INSTRUCTIONS FOR THE TASK - Leave out every picture and set down, exactly, the lines below from the one holding "3PCS Backpack for" up to and including the one holding "友達光電落實社會參與、回饋在地,參與臺中花卉博覽會 (中:臺中市長林佳龍,右四:友達光電董事長暨執行長彭雙浪) |".

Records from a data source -
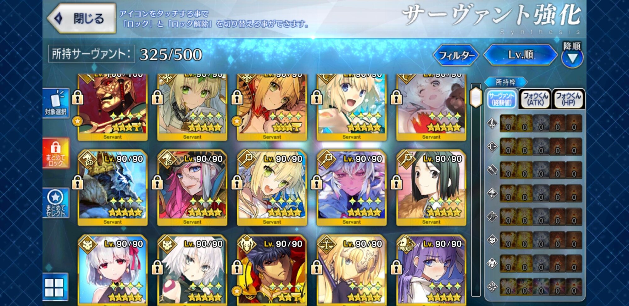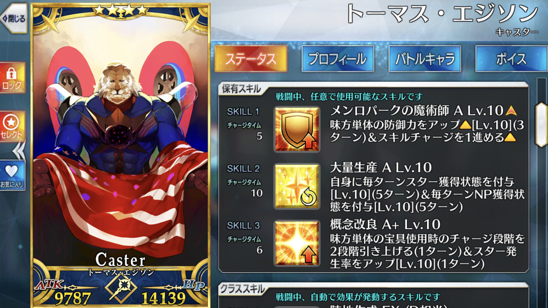 エドモン(黄金率レベルマは必須)やバサスロット(第三スキルレベルマは必須)、宝具レベルはあればあるほどよい
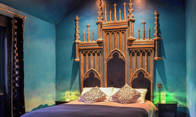 Step inside and step back in time to an era of myths and legends. Take a while to marvel at the stunning interior, hand painted by the owners. The open plan living area is well planned with a small kitchen. Cook inside or enjoy a meal out at one of the many eateries in the area – the choice is yours. The dining table is close by where you can enjoy a hearty breakfast before heading out for the day. Deep filled sofas and a window seat are ideally placed to enjoy a theatrical evening in front of the wood burner. The bathroom is simply stunning! Generous in size and with a roll top bath with shower over. Relax and unwind surrounded by nymphs and fairies after a long day exploring. Two dramatic zip and link bedrooms provide a magical ambiance for a relaxing night’s sleep.
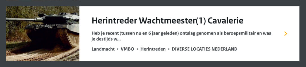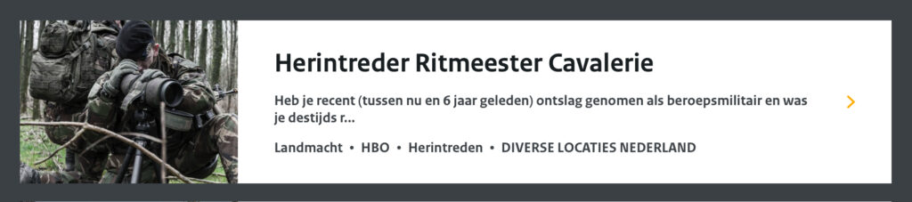 Na ontvangst van je gegevens gaan zij aan de slag met je herintredingsverzoek. In de beoordeling wordt o.a. gekeken naar je militaire historie, referenties en eerder functioneren, of je nog current genoeg bent om direct weer op functie te kunnen starten en proberen we een match te vinden met een passende arbeidsplaats.
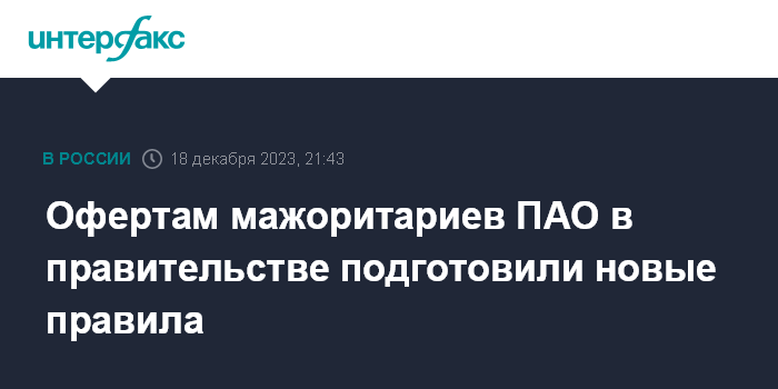 Офертам мажоритариев ПАО в правительстве подготовили новые правила
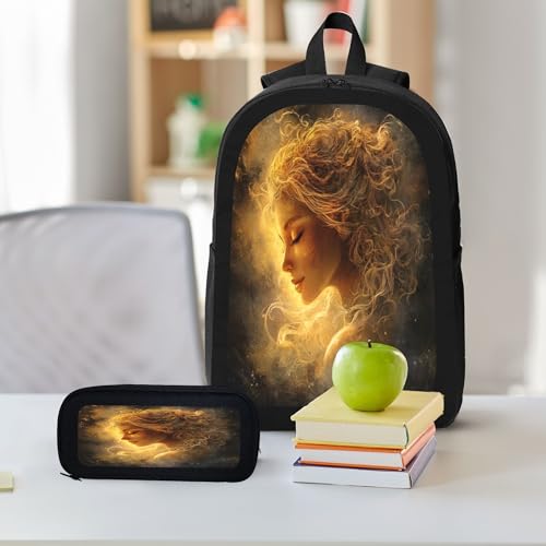 3PCS Backpack for Women Men With Lunch Box Pencil Bag 17 Inch Lightweight Adjustable Strap Back Pack 3 In 1 Set Painting Woman Elegant Daypack Unisex Fit Travel Work Camping 3
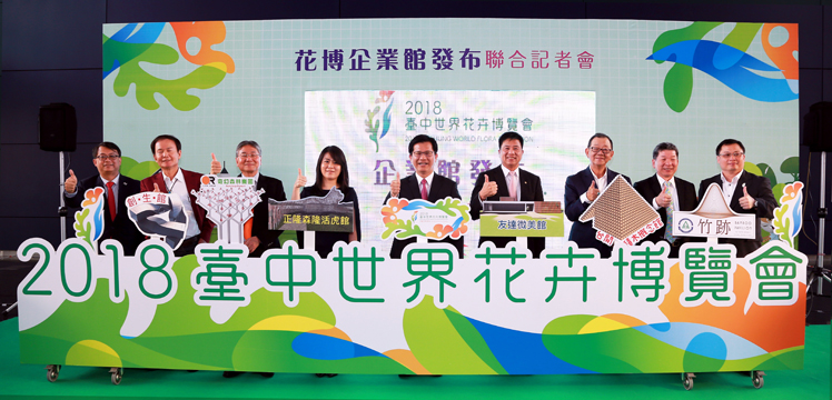 友達光電落實社會參與、回饋在地,參與臺中花卉博覽會 (中:臺中市長林佳龍,右四:友達光電董事長暨執行長彭雙浪) |
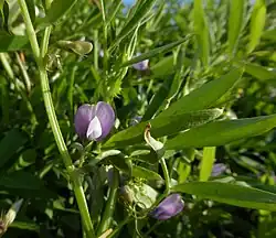 An annual with climbing stems, scrambling or climbing to about 60 cm tall. The leaves are arranged alternately along the stem, are up to about 9 cm long, have 2–3 pairs of leaflets, and end in branched tendrils. The petioles are 2 cm long with a large, ovate, dentate stipule at the base. The flowers are arranged in pairs (although sometimes solitary) on long (5 cm) peduncles branching from the leaf axils. The petals are purple and white, 2 cm long, and have 10 stamens and 1 style. The fruit is a hairy pod or legume up to 5 cm long with 4 to 8 seeds.[2] It has 14 chromosomes.[2][4]
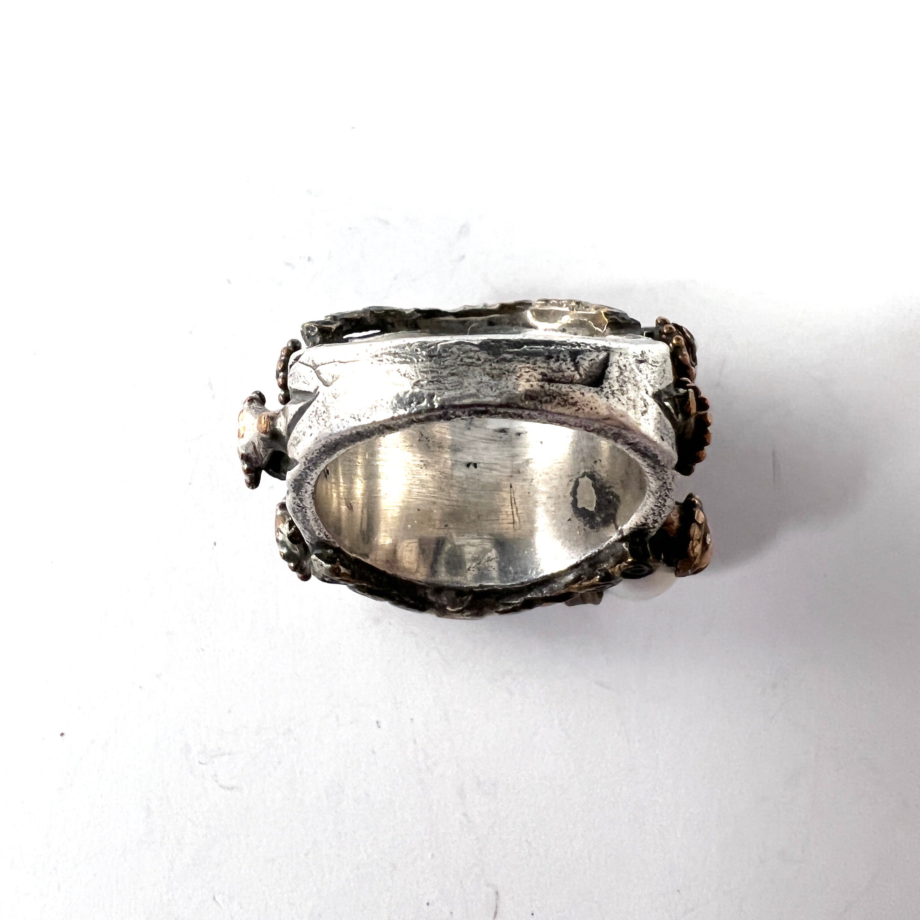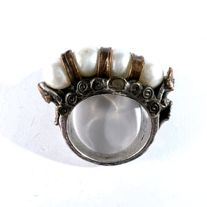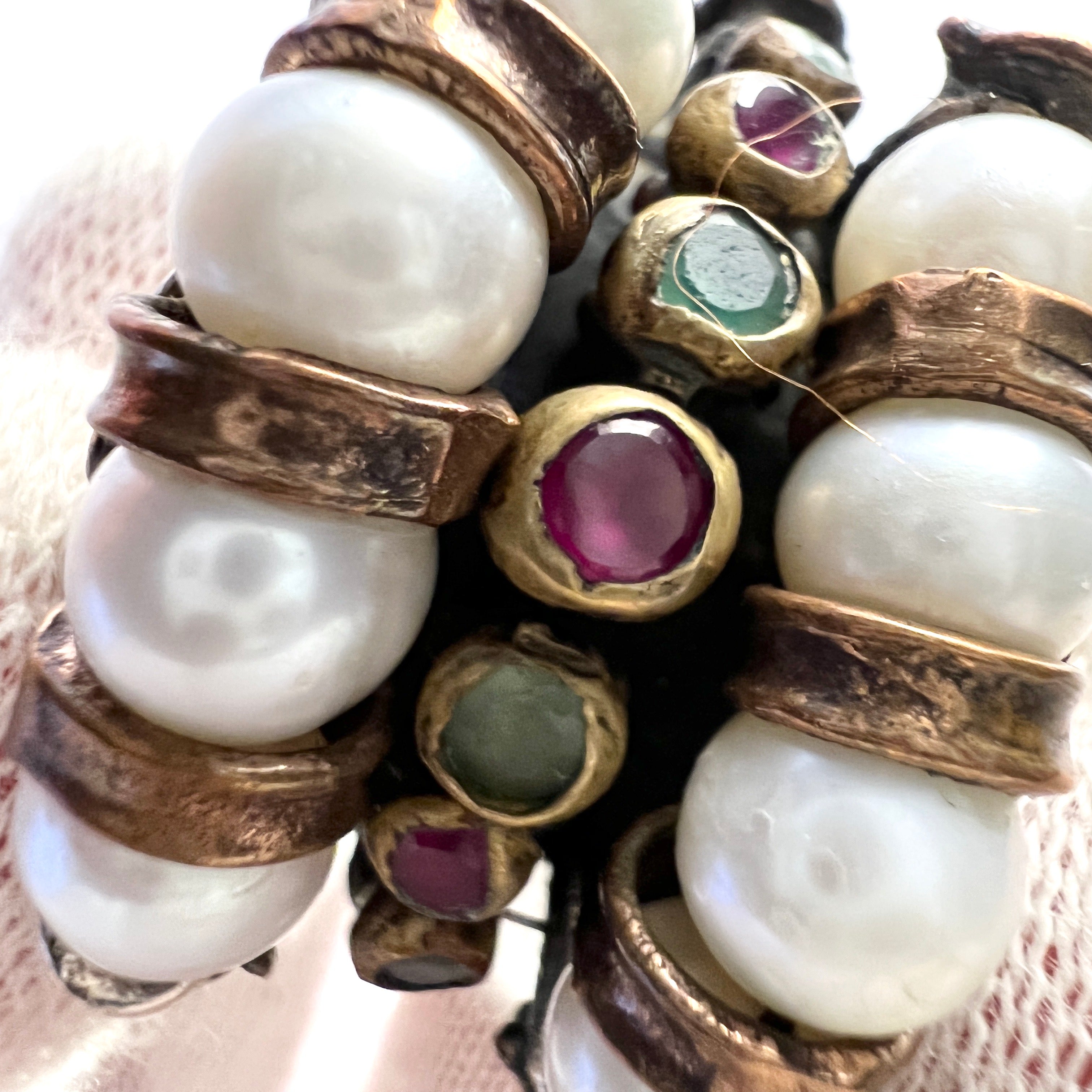 Very interesting and bold vintage sterling multi stone ring. Apparently unmarked. Cultured pearls, and most likely synthetic rubies and emeralds. Partly gilt. Pearls spins in settings.
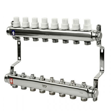 RTP 1″х3/4″ЕК 8 выходов Коллекторная группа с ручными регулирующими клапанами и кронштейном, нержавеющая сталь, РТП

PROBLEM SOLUTION -
 3PCS Backpack for Women Men With Lunch Box Pencil Bag 17 Inch Lightweight Adjustable Strap Back Pack 3 In 1 Set Painting Woman Elegant Daypack Unisex Fit Travel Work Camping 3
 友達光電落實社會參與、回饋在地,參與臺中花卉博覽會 (中:臺中市長林佳龍,右四:友達光電董事長暨執行長彭雙浪) |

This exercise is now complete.